I was significantly involved in the translation and literacy work, but I also needed to homeschool our two young sons periodically, depending on the availability of itinerant teachers. My husband split teaching duties with me and also graciously took care of the children from 7 AM to 9 AM so I could have time to do language work. Many afternoons I was free to do more work, if I felt like it. Without that intellectual and spiritual input in the project, I would have found life much less than satisfying.
To stay content with what the Father chose to give me, I let go of longing for good ol’ USA cuisine, preparing and enjoying local foods as much as possible. I rarely looked at magazines with beautiful clothes and homes. They only made me jealous, covetous, and malcontent with my home and belongings.
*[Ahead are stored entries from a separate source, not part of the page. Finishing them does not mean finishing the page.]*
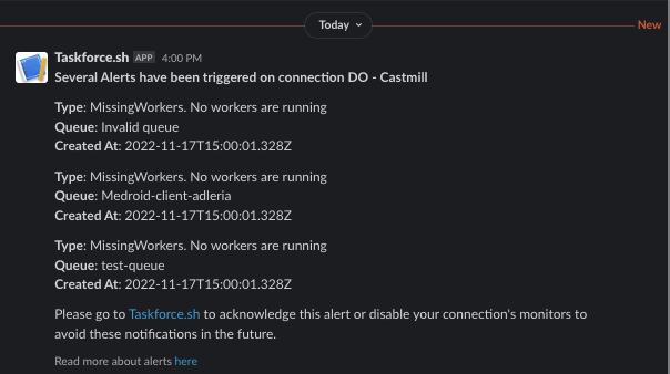 That's all, from now on, every time an alert is produced you will get a message on the given slack channel:
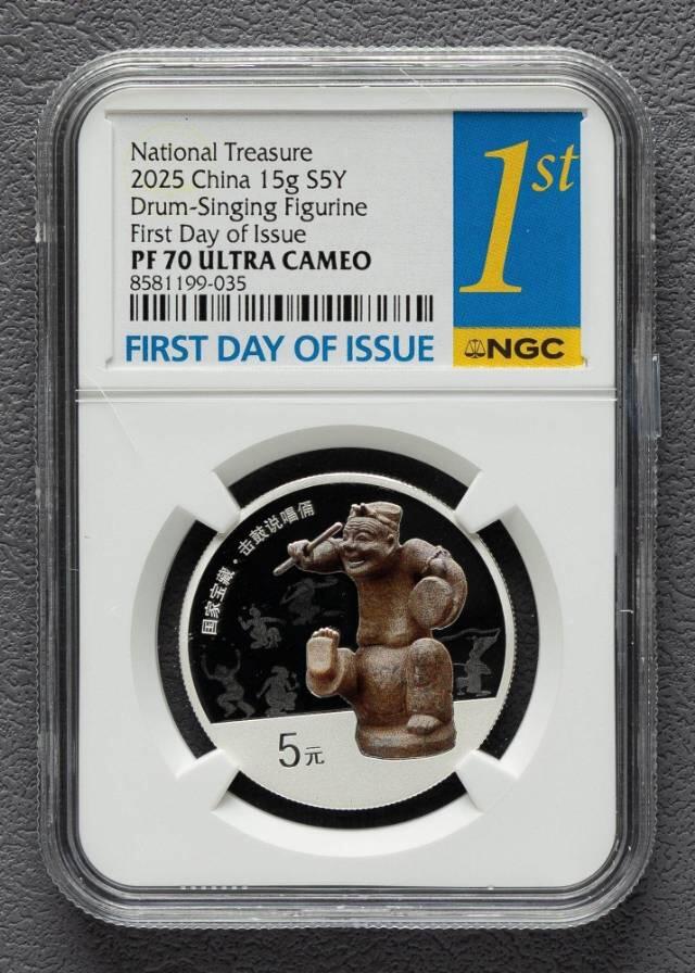 2025年击鼓说唱银币,是央行2025年6月14日发行的“国家宝藏(统一气象)”金银纪念币中的15克圆形银质纪念币,精制99.9%银,面额5元,发行量仅10000枚,属汉代文物主题的稀缺贵金属币 。
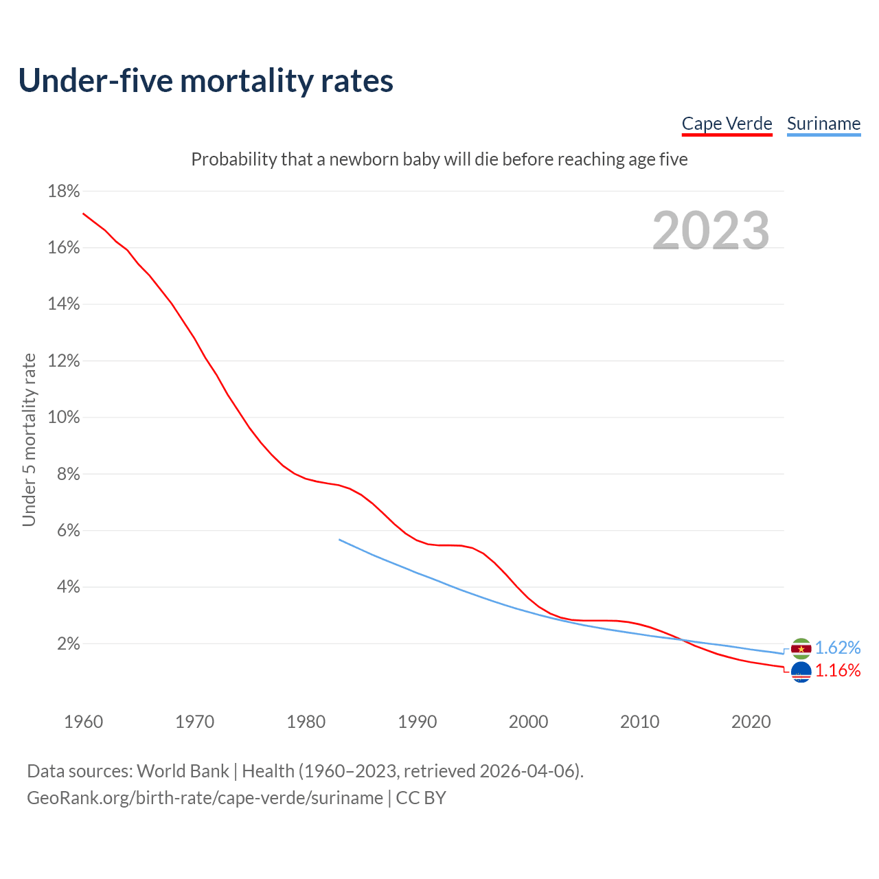 The chance that a newborn baby will die before reaching age five is 1.16% in Cape Verde and 1.62% in Suriname. Above is a chart with historical data on under-five mortality rates.

I found through experience how closely spiritual health is tied to physical, mental, and emotional health. Living in places that could be boring—apart from the work—I purposely created activities that offered me challenges as well as pleasure. This was not to escape my life, which I loved, but to enlarge it! Every January, I would choose a project to accomplish or a skill to learn during that year. I set my goal on mastering the (woodwind) recorder, perfecting my pie making, creating crunchy pickles, or learning to embroider. I collected local leaves from bushes and trees, drew their outlines with ink-pen in a notebook, and added the local language names as well as medicinal or nutritional uses. One year I asked the local pastor’s wife, who lived near me, if she would call me over every time she made one of her delicious, spicy sauces so that I could learn how to make it. A true African ‘TV chef,’ she laid out all the ingredients before I arrived, hastening the lesson time. She always sent me home with a generous sample, even though I protested. At the end of the year, I had created my own little cookbook, full of great recipes, including ones for bean-flour doughnuts and home-made soap.
Maintaining intimacy with God on the mission field may start on our knees in the morning, but it also requires moment-by-moment attention as we walk through the day—in our routines, our careful choices, our leisure activities, and our watching also through the night. We first honor our tryst with the Lover of our Souls, but then we joyfully explore ways to obey His Word, whatever the cost.